= Mona Yahia =

Iraqi artist and writer

Mona Yahia (born 1954 in Baghdad, Iraq) is a writer and an artist; she publishes novels, stories, short stories and participates in art exhibitions and events.

== Life and career ==
Mona Yahia was born and raised in Baghdad, fled with her family to Iran in 1970, and from there immigrated to Israel. She did her military service between 1972 and 1974 and then studied psychology and French at the University of Tel Aviv. After a one-year stay in Paris, she went on to study clinical psychology in Tel Aviv and worked as a psychologist. In 1985 she moved to Germany to study fine arts at the Academy of Arts in Kassel with Harry Kramer. During these years she used photographs and everyday objects (soap, postcards, beer mats, cinnamon stars) to comment the culture of remembrance of the German society with regard to the Shoah.

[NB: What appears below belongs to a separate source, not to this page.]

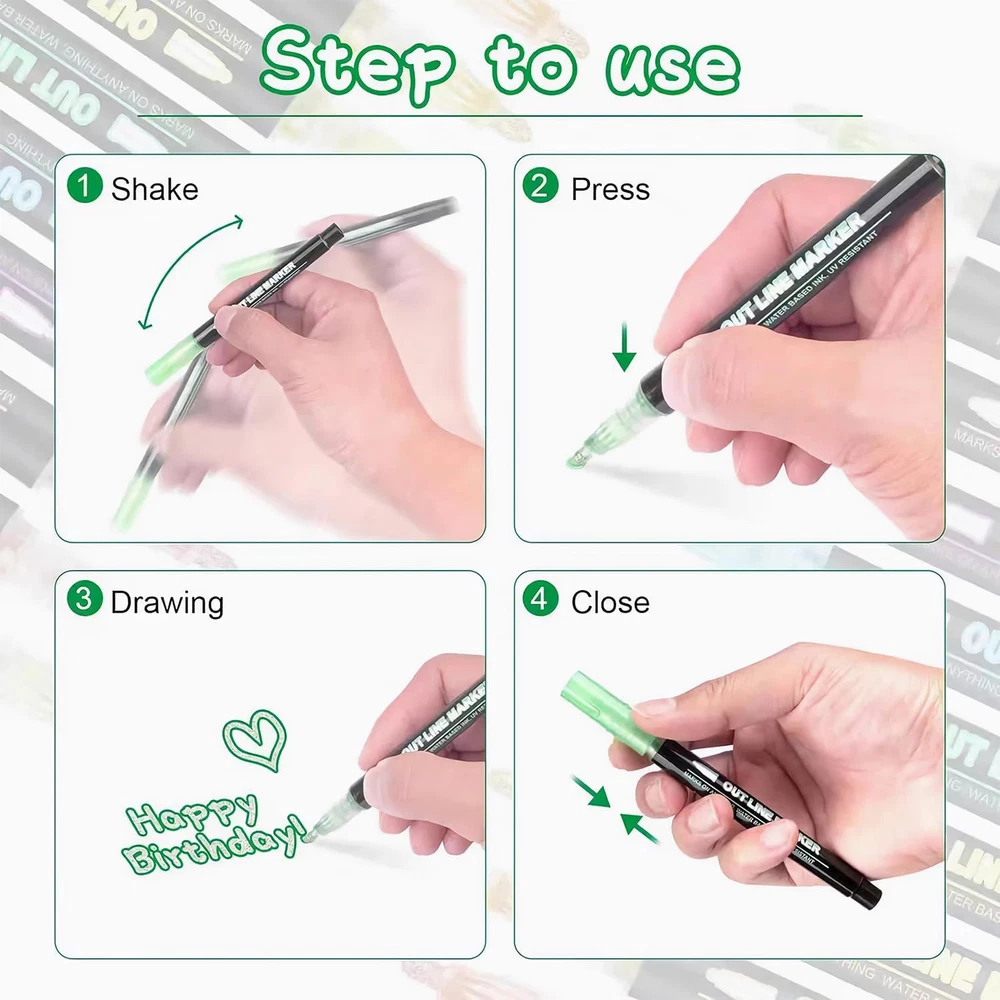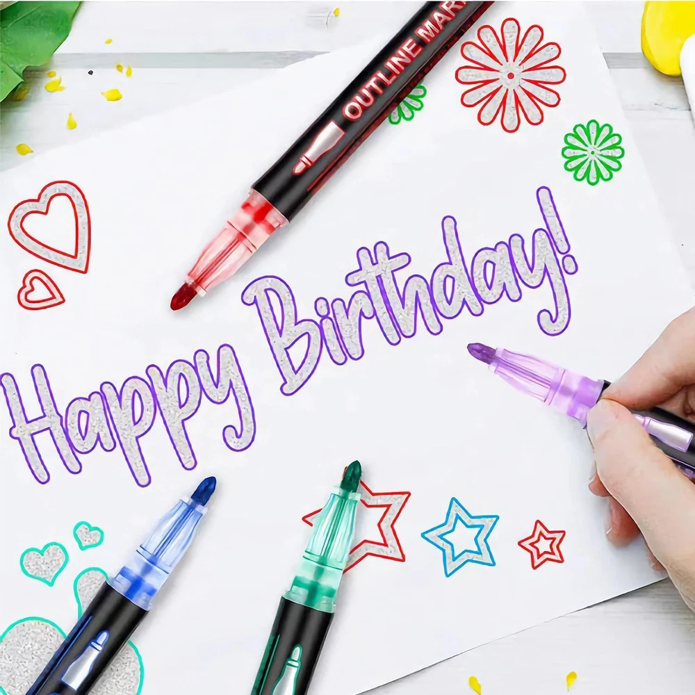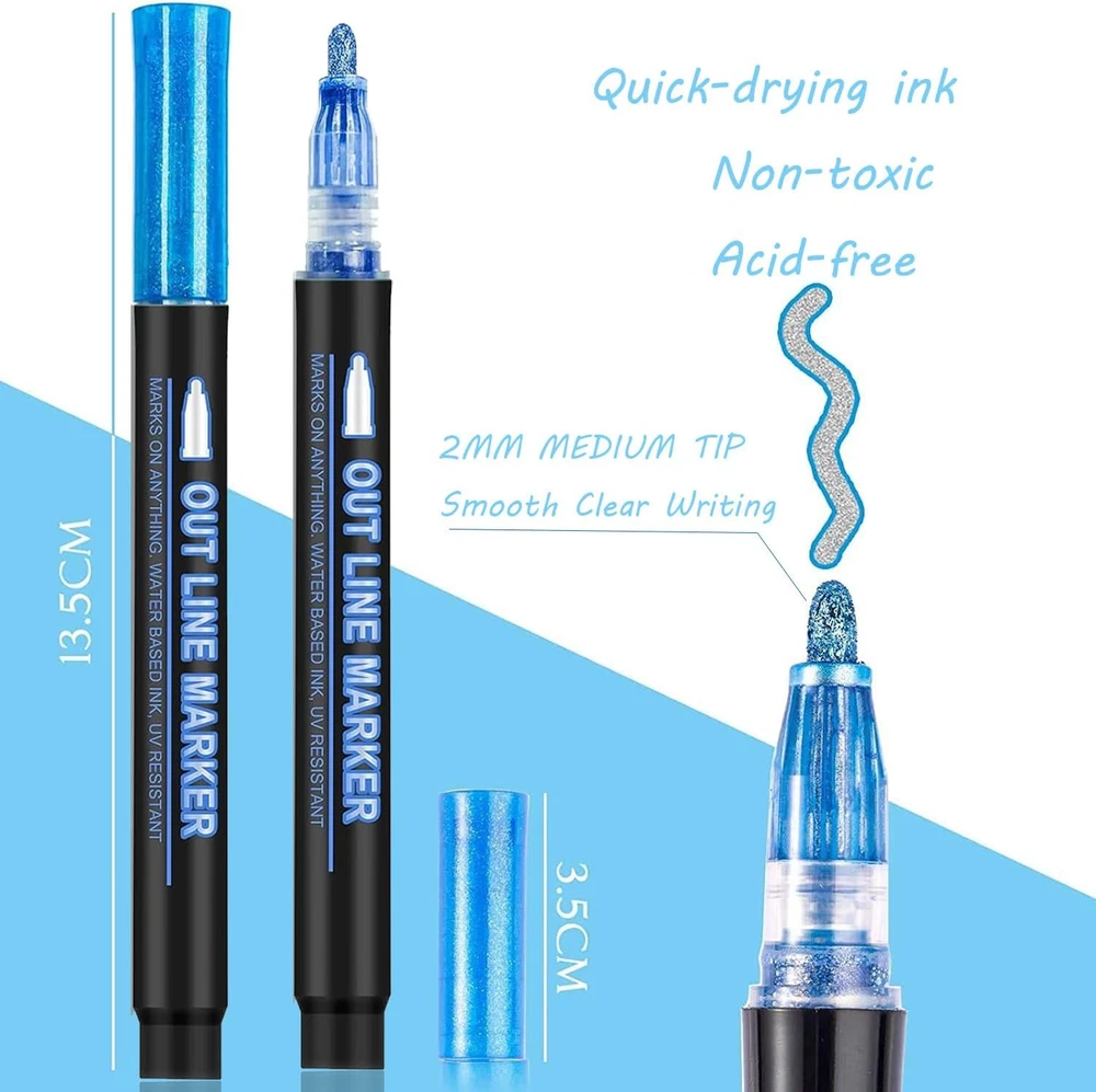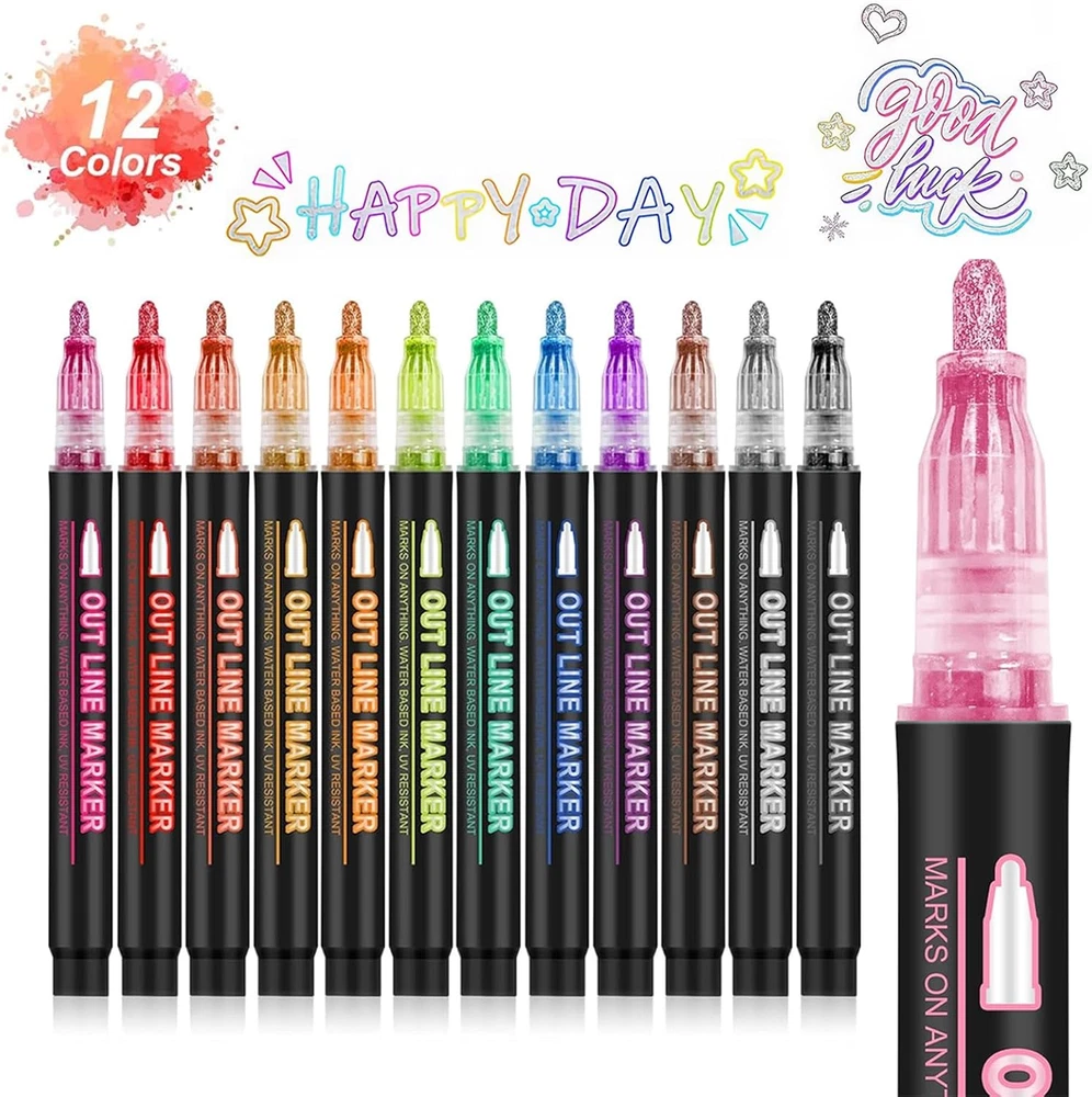 Store New Arrivals Add to Favorite View Feedback Contact Fast deliveries to the customer's home Quality customer service John Make the customers happy! Double Line Outline Markers, Art Markers for Kids,Art Supplies Crafts Gifts for 4-12 Year Old Girl,Metallic Glitter Pens Set for Gift Cards,Rock Painting,Coloring Book (12) Description Multiple Colors: glitter and metallic colors. Our GenuisArt markers for kids designed to create a beautiful silver metal texture surrounded by a colored border effect. And it can make 3 different effects on light colored paper, black paper and smooth surface. More colors let you create whatever you want Safe and Non Toxic: The super cool outline markers are water-based, highly pigmented ink, quick-drying, non-toxic, odorless, fade resistant, harmless to environment and safe for children, which is suitable for all ages of people to use safely, We suggest children under 3 years old should be used under the supervision of adults Easy to Use: Shake the pen well enough to mix the ink before using. Then remove the cap and gently press the pen tip on the paper a few times to pump the ink until it starts to flow. Then you can start your genius idea with this art supplies Versatile on Multiple Surfaces:The GenuisArt markers are perfect for Art, Drawing, Doodles, Posters, Painting, Rocks, Card Making, Eggs to Decorate. You can use it for Christmas Card Writing, Birthday Greeting, DIY Art Crafts. We suggest you using it on smooth surfaces like Wood, Canvas, Ceramics, Metal, Stone, and Glass Best Gift for Kids And Adults:This Shiny and specially textured pen are a great gift for family and friends, kids and adults, for Children’s Day, Easter Day, Birthday Party, Christmas, Halloween, Valentine's Day, Mother's Day, Thanksgiving Day, Back to School, New Year Product Description Item Weight 3.95 ounces Number of Items 12 Color Multicolor Manufacturer Part Number Fu-outline Ink Color Multicolor Recommended Uses For Product Writing Point Type Jumbo Product Dimensions 5.26 x 0.47 x 0.47 inches ABOUT US We offer the best prices around on high quality products. Our E-store includes media such as books, movies, music and games while offering electronics, toys, sporting apparel, clothing, tools, general home, garden items and more. SHIPPING We are always working hard to ensure your package arrives as soon as possible. Please understand that some factors like weather, high postal traffic, and the performance of shipping companies are outside of our control. We offer free shipping to the lower 48 states and ship within 2 business days of payment, usually sooner. We do not accept P.O. Boxes. Please provide a physical address. For shipping outside of the continental USA, we only use eBay's Global Shipping Program. The item is shipped to KY and then sent to the rest of the world. International customers are responsible for all duties and taxes. Continue to 'check out' to calculate costs for shipping the item to your country. Messages regarding eBay's Global Shipping Program MUST be directed at eBay EXCLUSIVELY. RETURNS We offer a 30-Day Return Policy on items in which you are not completely satisfied with. You have the option of a full-refund or an exchange of the item. No returns are available on items shipped outside of the USA PAYMENT We accept PayPal. CONTACT US This page content is yet to come Please ad us to your favorite seller and visit again later Thank You CUSTOMER SATISFACTION We try our very best to make sure every customer is completely satisfied. If there's a problem, message us! We're happy to help. WE ACCEPT

In 2000, Mona Yahia published her first novel in London.When the Grey Beetles Took over Baghdad portrays Jewish life in Baghdad in the 1960s and the plight of the Jewish community after the Six Day War from the point of view of a teenager and in 2003 the Price of the Jury der Jungen Leser in Vienna/Austria. The novel saw translations into German (2002), French (2006), and Hebrew (2023).

Mona Yahia lives and works in Cologne, Germany - and writes in English.

== Selected works ==
- Domino Effect. In: London Magazine, vol. 33 no. 1&2, London 1993.

- METRO–BOULOT–DODO. In: Heiner Schepers (Hrsg.): Eine Stunde für Harry Kramer. Buxus Verlag, Lingen 1997, ISBN 3-933038-00-6.

- When the Grey Beetles Took over Baghdad. Peter Halban Publishers, London 2000, ISBN 1-870015-74-6; paperback 1-870015-85-1; American edition: George Braziller New York, 2007 ISBN 978-0807615829.

- A Borrowed Tongue (Essay). In: Fikrun wa Fann/Art and Thought Nr. 91, Goethe Institute, Munich 2009.

- Der Tag, an dem Sadat nach Jerusalem flog In: Kerstin Schimmel (Ed.): Auch dein Herz ..., Mitteldeutscher Verlag Halle (Saale) 2011, ISBN 978-3898128179.

- Love Traps. Kindle Edition, 2013 (ASIN: B00E8ODI1W).

- The Historical Khans of Istanbul: A Photographic Documentary Project (bilingual: English & German), 2015, ISBN 978-3-00-051806-5.

- SNAPSHOTS: Istanbul Behind Closed Doors (trilingual: German / Turkish / English), 2019, ISBN 978-3-943562-675.

- MATCHES (short story). In: Banipal no.72, 2021, ISBN 978-1913043285.

- WHO BY WATER. Contribution to the exhibition YALLA - Arab-Jewish Encounters in the Jewish Museum of Hohenems/Austria

- VIER TAGE. A novel. Salon LiteraturVerlag, Münich/Germany, 2025. ISBN 978-3947-404520.

- FIRST SOLDIER IN THE FAMILY: English Excerpt from the novel FOUR DAYS (published 2025 in German under the title VIER TAGE)

== Awards ==
When the Grey Beetles Took over Baghdad won the Jewish Quarterly-Wingate Literary Prize for Fiction in 2001, and in 2003 the Jury's Prize der Jungen Leser in Vienna, Austria.

Yahia spent nearly one year as writer-in-residence in Istanbul – 2013/14, in the “Atelier Galata”, a program established by the Arts Council of the city of Cologne, and again in 2017 under the same program, funded by the Kunststiftung NRW, Düsseldorf.